Exercise requirements: Take nothing but the lines from the one with "前回も、あしながサンタさんか" through the one with "3月20日, 爱尔兰塔拉理工学院教务长John Vickery" in the entries below, both ends kept, and return them exactly with pictures left out.

Data:
<<<<
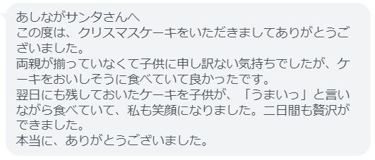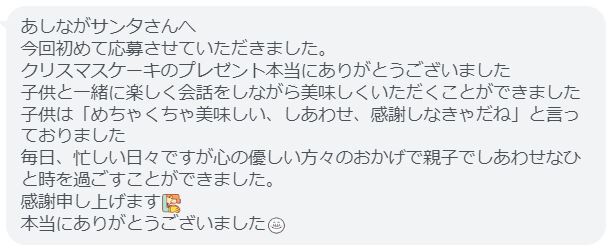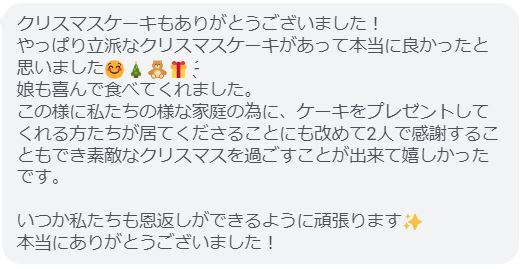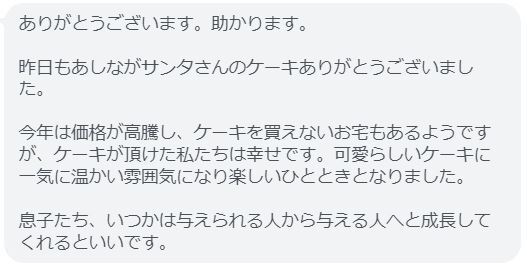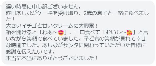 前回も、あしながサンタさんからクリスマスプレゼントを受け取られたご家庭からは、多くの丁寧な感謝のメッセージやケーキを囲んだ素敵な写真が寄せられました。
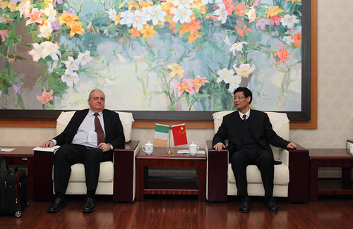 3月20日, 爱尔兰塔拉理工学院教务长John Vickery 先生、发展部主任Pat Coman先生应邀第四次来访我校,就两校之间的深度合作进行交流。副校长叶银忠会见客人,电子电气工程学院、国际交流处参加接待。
>>>>
<<<<
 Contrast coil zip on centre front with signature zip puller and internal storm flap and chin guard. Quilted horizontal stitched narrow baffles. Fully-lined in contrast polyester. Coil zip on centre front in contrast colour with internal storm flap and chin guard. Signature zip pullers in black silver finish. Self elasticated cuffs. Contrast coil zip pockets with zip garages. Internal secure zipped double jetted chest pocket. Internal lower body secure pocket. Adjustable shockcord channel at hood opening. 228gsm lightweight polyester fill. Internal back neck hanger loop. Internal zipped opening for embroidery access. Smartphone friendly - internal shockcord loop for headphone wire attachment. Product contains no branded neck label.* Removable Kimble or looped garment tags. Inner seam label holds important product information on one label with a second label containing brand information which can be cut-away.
>>>>
Solution for this task:
 前回も、あしながサンタさんからクリスマスプレゼントを受け取られたご家庭からは、多くの丁寧な感謝のメッセージやケーキを囲んだ素敵な写真が寄せられました。
 3月20日, 爱尔兰塔拉理工学院教务长John Vickery 先生、发展部主任Pat Coman先生应邀第四次来访我校,就两校之间的深度合作进行交流。副校长叶银忠会见客人,电子电气工程学院、国际交流处参加接待。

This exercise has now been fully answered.